After much consideration of various “gating” criteria regarding the decision of when to allow the cruise lines to return to normal operations, the panel determined that they, “are unable to suggest specific parameters (e.g., local incidence of SARS-CoV-2) that would indicate that it is “safe enough” to begin sailing again. There is no moment when we will definitively know we have reached that threshold.” Instead, the panel noted, “…ultimately, the thoroughness of a cruise operator’s testing plan and implementation of onboard mitigation measures should be the driving factor in creating a safe environment for cruising.”

While the expert panel came up with 74 recommendations in their 65-page report, I distilled them down to the 11 recommendations that are most relevant for individuals making the personal risk decision whether or not to cruise. Here is the summary…note that the wording represents verbatim extracts from the panel’s report. I consolidated several of the recommendations that were annotated separately, but with a common focus, into one recommendation for brevity sake. The panel’s report provides a detailed description of each recommendation included in their summary which you can access following the link to the report earlier in this article.

“Recommendations summary…
1. All crew should be tested for SARS-CoV-2 between 5 days and 24 hours prior to leaving their home location to join the ship and receive a negative result, quarantine for seven days on board the ship upon arrival, and take a test at the end of that seven-day period and receive a negative result, before beginning their duties. Additionally, if feasible based on cost and available technology, cruise operators should consider administering an additional test and requiring a negative result shortly prior to boarding. Cruise operators should implement a crew surveillance program, including periodic testing for SARS-CoV-2, to provide a reasonable level of assurance that the virus is not circulating among crew.
2. All guests joining a ship, regardless of method of travel to the ship, should be tested for SARS-CoV-2 between 5 days and 24 hours before boarding and receive a negative result that is shared with the cruise operator, before coming on board.
3. At embarkation, all guests and crew boarding the ship should undergo health screening to identify any symptoms consistent with COVID-19 (or other infectious diseases) and any contact with individuals suspected or confirmed to have a SARS-CoV-2 infection prior to the cruise. This will include temperature screening.
4. Any individual who discloses symptoms of possible SARS-CoV-2 infection or close contact with an individual with suspected infection, or who displays a temperature of 100.4 degrees or above, should undergo secondary screening by medical personnel to determine whether they may board the ship or whether they will be denied boarding.
5. In addition to the information typically communicated at booking, guests should be provided sufficient information on SARS-CoV-2 to assess their individual risk, to fully understand the safety precautions being taken by the cruise line to address SARS-CoV-2, and to agree to comply with the necessary safety protocols while traveling. To prevent the spread of SARS-CoV-2, cruise operators should require guests and crew to wear cloth face coverings/face masks in accordance with CDC recommendations.
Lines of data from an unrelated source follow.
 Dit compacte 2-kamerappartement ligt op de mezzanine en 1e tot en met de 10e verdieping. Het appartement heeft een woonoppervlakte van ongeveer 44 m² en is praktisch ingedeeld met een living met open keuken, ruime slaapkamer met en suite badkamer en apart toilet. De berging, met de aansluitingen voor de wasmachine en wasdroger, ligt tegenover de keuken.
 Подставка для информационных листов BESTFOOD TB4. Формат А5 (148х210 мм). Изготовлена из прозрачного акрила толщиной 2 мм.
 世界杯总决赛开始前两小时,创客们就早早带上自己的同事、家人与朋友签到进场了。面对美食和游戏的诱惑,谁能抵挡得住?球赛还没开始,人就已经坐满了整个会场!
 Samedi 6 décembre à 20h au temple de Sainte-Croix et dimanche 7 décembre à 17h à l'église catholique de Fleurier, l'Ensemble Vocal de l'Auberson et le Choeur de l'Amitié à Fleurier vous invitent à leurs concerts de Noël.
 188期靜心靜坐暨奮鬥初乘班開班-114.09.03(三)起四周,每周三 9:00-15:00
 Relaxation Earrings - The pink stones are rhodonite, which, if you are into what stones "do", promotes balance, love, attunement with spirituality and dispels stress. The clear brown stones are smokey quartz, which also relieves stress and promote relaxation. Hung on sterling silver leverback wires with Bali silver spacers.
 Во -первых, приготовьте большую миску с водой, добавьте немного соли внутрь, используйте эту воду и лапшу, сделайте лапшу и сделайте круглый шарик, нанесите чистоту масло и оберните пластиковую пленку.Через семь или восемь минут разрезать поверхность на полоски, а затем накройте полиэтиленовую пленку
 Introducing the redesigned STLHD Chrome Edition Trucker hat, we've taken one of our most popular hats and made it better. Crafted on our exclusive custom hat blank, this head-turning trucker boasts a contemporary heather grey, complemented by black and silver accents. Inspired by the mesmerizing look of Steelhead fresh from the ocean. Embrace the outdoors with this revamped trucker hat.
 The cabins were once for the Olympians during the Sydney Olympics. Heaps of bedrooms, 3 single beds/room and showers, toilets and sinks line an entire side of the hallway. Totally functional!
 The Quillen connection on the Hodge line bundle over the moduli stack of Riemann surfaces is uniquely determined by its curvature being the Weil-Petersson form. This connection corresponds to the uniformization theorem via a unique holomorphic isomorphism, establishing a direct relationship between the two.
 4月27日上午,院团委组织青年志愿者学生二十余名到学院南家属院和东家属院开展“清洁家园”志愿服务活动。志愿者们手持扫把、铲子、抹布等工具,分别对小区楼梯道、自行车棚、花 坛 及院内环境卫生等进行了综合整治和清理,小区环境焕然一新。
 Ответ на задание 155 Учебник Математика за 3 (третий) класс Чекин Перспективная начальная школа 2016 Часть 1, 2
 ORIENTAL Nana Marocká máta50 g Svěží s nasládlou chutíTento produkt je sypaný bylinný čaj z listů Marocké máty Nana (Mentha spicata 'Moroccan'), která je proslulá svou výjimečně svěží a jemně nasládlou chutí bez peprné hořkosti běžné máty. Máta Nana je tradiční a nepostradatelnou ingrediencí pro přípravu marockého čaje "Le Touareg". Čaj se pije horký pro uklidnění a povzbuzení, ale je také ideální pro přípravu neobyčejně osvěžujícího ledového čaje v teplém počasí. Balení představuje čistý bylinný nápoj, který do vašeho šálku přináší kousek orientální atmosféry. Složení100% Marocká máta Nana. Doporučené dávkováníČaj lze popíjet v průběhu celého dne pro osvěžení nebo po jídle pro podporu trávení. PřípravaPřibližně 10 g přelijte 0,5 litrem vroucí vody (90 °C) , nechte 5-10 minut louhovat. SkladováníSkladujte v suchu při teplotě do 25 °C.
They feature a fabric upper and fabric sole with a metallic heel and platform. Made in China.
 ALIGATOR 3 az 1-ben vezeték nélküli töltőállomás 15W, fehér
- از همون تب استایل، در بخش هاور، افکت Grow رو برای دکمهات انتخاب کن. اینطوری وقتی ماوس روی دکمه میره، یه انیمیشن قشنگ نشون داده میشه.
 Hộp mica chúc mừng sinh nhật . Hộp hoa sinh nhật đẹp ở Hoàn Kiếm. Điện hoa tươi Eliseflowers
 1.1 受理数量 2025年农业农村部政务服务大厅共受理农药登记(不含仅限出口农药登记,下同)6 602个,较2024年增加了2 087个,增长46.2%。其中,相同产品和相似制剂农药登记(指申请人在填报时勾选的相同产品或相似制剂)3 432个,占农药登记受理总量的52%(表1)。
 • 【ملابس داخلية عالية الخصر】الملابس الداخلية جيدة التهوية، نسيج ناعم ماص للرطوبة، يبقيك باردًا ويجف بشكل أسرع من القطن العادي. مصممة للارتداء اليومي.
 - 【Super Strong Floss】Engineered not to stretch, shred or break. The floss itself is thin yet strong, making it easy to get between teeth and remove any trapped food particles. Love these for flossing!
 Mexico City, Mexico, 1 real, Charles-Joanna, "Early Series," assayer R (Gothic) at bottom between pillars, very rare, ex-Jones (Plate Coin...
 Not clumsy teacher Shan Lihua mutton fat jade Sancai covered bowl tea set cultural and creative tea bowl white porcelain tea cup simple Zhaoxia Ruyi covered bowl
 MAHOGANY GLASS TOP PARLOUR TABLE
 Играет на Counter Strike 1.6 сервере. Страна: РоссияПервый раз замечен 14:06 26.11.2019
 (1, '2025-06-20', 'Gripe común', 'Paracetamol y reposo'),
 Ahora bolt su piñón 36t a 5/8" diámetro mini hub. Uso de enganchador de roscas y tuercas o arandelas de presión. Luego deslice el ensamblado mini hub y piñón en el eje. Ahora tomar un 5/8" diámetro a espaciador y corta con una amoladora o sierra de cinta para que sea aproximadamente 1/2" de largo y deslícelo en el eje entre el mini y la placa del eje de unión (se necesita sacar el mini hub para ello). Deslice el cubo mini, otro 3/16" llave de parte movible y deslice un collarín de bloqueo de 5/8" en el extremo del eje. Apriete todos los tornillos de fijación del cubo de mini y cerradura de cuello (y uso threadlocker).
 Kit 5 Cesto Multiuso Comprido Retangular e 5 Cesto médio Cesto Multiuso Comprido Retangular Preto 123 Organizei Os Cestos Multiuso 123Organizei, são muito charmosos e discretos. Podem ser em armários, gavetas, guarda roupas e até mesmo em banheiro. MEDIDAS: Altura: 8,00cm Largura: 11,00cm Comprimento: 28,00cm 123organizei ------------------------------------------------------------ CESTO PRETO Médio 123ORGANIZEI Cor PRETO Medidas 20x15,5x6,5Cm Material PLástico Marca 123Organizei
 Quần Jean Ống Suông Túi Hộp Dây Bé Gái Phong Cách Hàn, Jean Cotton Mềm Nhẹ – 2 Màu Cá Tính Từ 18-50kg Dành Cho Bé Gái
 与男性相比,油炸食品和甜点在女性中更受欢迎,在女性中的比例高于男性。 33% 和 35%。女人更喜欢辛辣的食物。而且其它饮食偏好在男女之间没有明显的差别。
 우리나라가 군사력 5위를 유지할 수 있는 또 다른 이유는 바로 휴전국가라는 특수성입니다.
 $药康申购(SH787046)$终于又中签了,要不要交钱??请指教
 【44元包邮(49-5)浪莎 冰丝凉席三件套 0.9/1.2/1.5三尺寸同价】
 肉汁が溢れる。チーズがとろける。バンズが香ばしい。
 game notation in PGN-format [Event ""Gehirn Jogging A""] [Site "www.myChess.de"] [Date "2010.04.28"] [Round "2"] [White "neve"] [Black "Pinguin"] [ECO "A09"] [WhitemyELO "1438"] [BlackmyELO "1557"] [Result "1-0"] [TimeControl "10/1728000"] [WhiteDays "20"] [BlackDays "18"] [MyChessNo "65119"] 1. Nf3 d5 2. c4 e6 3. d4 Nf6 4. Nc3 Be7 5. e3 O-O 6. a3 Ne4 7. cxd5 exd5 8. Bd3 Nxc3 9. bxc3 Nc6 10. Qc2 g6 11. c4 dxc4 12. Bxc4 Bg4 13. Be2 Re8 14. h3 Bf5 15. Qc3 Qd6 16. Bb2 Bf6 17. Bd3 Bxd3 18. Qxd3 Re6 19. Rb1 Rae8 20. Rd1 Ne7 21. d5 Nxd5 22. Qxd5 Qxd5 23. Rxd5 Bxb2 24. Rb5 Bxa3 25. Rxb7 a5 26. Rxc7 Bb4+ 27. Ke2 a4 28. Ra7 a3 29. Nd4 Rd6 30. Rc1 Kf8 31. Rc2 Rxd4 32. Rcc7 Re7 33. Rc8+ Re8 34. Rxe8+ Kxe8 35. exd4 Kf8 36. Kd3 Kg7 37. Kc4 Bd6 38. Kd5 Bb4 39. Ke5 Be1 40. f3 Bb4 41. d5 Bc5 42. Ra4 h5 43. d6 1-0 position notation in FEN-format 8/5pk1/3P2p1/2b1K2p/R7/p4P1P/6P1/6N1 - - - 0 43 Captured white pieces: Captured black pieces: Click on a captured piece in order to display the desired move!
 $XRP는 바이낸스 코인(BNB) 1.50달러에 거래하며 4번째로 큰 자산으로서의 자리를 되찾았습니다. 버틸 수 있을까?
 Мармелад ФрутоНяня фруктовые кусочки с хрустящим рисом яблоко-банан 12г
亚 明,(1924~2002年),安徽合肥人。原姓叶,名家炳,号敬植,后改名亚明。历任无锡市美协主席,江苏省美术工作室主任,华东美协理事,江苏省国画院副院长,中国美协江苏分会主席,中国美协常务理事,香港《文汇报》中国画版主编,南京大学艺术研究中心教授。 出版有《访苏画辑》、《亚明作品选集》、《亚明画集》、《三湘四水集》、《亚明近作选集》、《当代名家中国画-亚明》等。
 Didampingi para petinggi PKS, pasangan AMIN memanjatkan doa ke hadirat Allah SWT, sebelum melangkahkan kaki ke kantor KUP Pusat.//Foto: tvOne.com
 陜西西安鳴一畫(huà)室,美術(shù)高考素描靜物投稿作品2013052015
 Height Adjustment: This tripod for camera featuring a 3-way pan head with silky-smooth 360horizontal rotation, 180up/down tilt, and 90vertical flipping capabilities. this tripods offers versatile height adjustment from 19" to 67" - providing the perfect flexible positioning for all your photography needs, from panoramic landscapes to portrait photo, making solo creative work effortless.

Crew members with prolonged contact (i.e., contact that may result in exposure by CDC’s definition) with guests on board the ship should be required to utilize complementary PPE, in addition to wearing a face mask/face covering.
6. When returning to sailing, cruise operators should adjust guest and crew load factors in a manner that allows for appropriate physical distancing on board in accordance with applicable guidance, taking into consideration the size and design of each ship.
7. Cruise operators’ facilities on board the ship, at terminals, and at cruise line-owned and operated destinations should be modified to promote and facilitate physical distancing in accordance with the CDC recommendation of a distance of at least six feet.
8. Enhanced sanitation protocols should be employed to protect against the risk of SARS-CoV-2 transmission via inanimate surfaces or objects, with attention to both high- and low-touch areas of the ship, terminal, and cruise line-owned and operated destinations. Cruise operators should follow CDC recommendations regarding the use of hand sanitizers and hand washing with soap and water to craft their recommendations for guests. Cruise operators should ensure that hand sanitizer stations, wipes, or hand washing stations are conveniently placed around the ship for guests’ and crew members’ usage. Cruise operators should use a variety of indoor air management strategies aimed at reducing occupant exposure to infectious droplets/aerosols. All cruise operators should upgrade the HVAC systems on their ships to, ideally, MERV 13 filters to minimize pathogen dispersal from infected guests and crew.
9. Cruise operators should designate certain cabins on the ship as isolation and quarantine spaces. In the startup phase, cruises itineraries should be as simple as possible, utilizing private, cruise line-owned and operated destinations or ports where there can be tight control of the onshore experience. Cruise operators should initially return to service with shorter length trips.
10. During the initial return to sailing, cruise operators should only allow guests debarking from a ship at a destination port to participate in cruise line-sponsored or verified excursions as a way of limiting potential exposures in the destinations they visit. Cruise operators should establish expectations of the vendors at the destinations they visit to ensure that they are taking recommended steps to reduce the transmission of SARS-CoV-2. Cruise operators should incorporate verification of compliance with SARS-CoV-2 protocols into their routine ongoing monitoring guidelines for excursion vendors. Cruise operators should offer indoor excursions only if physical distancing, use of masks, and other recommended protective measures can be implemented.
11. In their return to sailing, cruise operators should use a phased approach to demonstrate that protocols can be successfully implemented on board their ships before returning to full operations with guests on board.”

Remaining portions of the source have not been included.